Two things about Friday’s session were especially striking with regard to Ukraine. On the one hand, there was not a single Ukrainian symbol anywhere. And on the other, the meeting was held not in a diplomatic facility or hotel but in what Chernenko describes as “an unusual place, the International Military Center of the Russian Defense Ministry, where the Warsaw Pact had its meetings.
Given Russian aggression against Ukraine and its annexation of Ukraine’s Crimea, Kyiv could not be expected to attend or even to remain any longer in an organization that no longer makes any pretense of being something other than a Moscow-dominated structure committed to promoting Russian security goals.
What this means, the Kommersant writer says bluntly, is that “the CIS is dead” even as a club of presidents. It has become simply a structure Moscow can point to in its efforts to promote its notion that Russia has some special rights and powers in the former Soviet space. Without Ukraine, it is truly meaningless as far as anything else is concerned.
And now, by its behavior on Friday, Moscow has made clear that it doesn’t expect Kyiv ever to return, a signal that other members who are seeking alternative arrangements for the future such as Moldova and Armenia at a minimum will certainly receive and likely act upon as well.
Further Reading:
- Ukraine cuts more of last remaining links with post-Soviet Commonwealth of Independent States
- Why have two revolutions won in Ukraine but none in Russia or Belarus?

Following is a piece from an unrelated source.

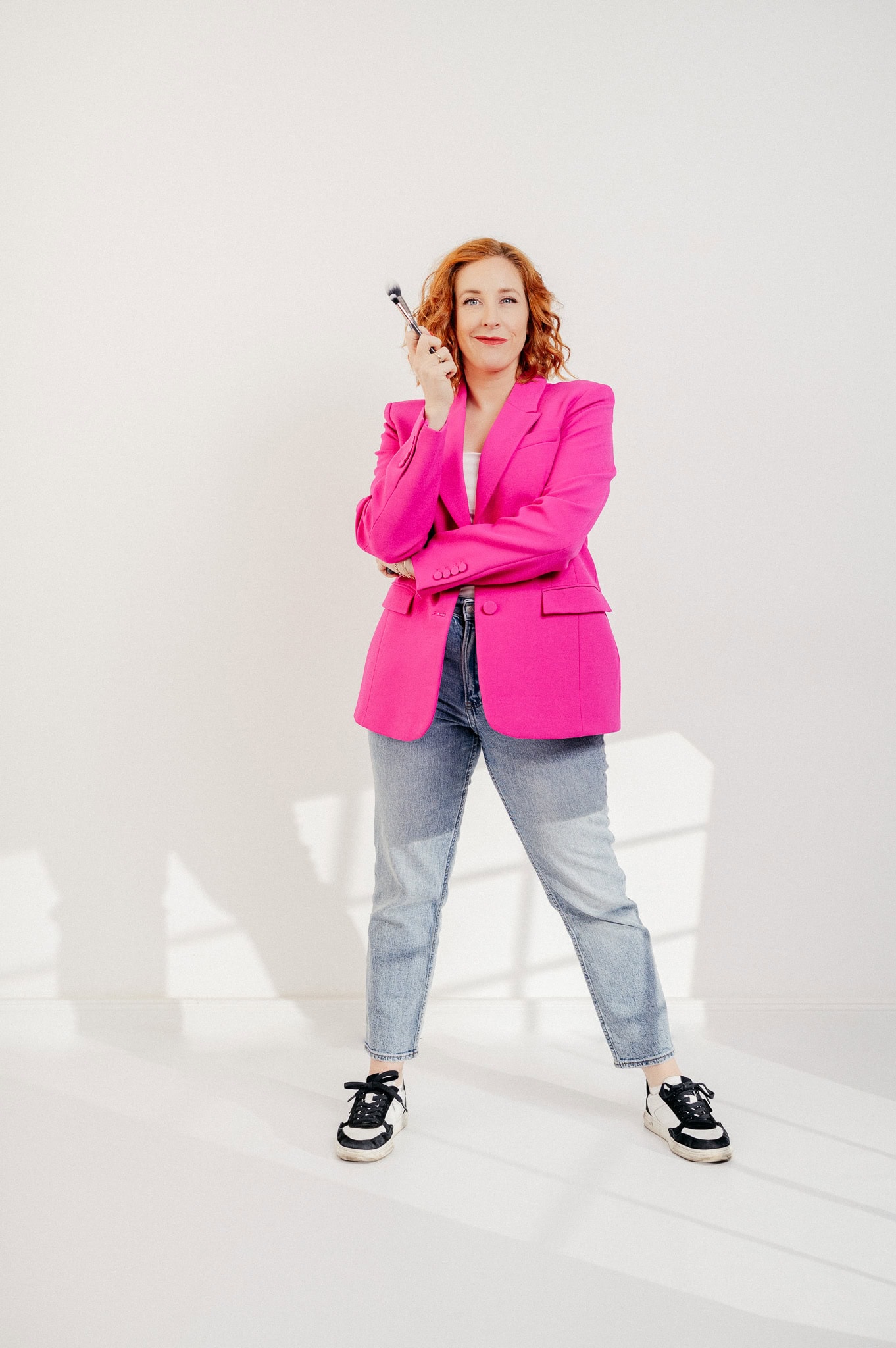 Moderne Businessfotografie mit Frau in pinkem Blazer

Historian Hrytsak answers
- Ukraine, Poland, and Lithuania create “Lublin Triangle,” stirring memories of 17th century republic
- As long as Russia remains an empire, Moscow will be repressive at home and aggressive abroad, Eidman says
- Ukraine, the Gates of Europe of the last millennia, and their meaning for Russia – Serhii Plokhy explains
- The Russian Federation will disintegrate but not ‘just like the Soviet Union did’
- The decolonization of Ukraine is irreversible — Viatrovych
- The West’s failure in 1991 must not be repeated now
- Vitaly Portnikov: “The ghost of the Soviet Union was definitively buried in Ukraine in 2014”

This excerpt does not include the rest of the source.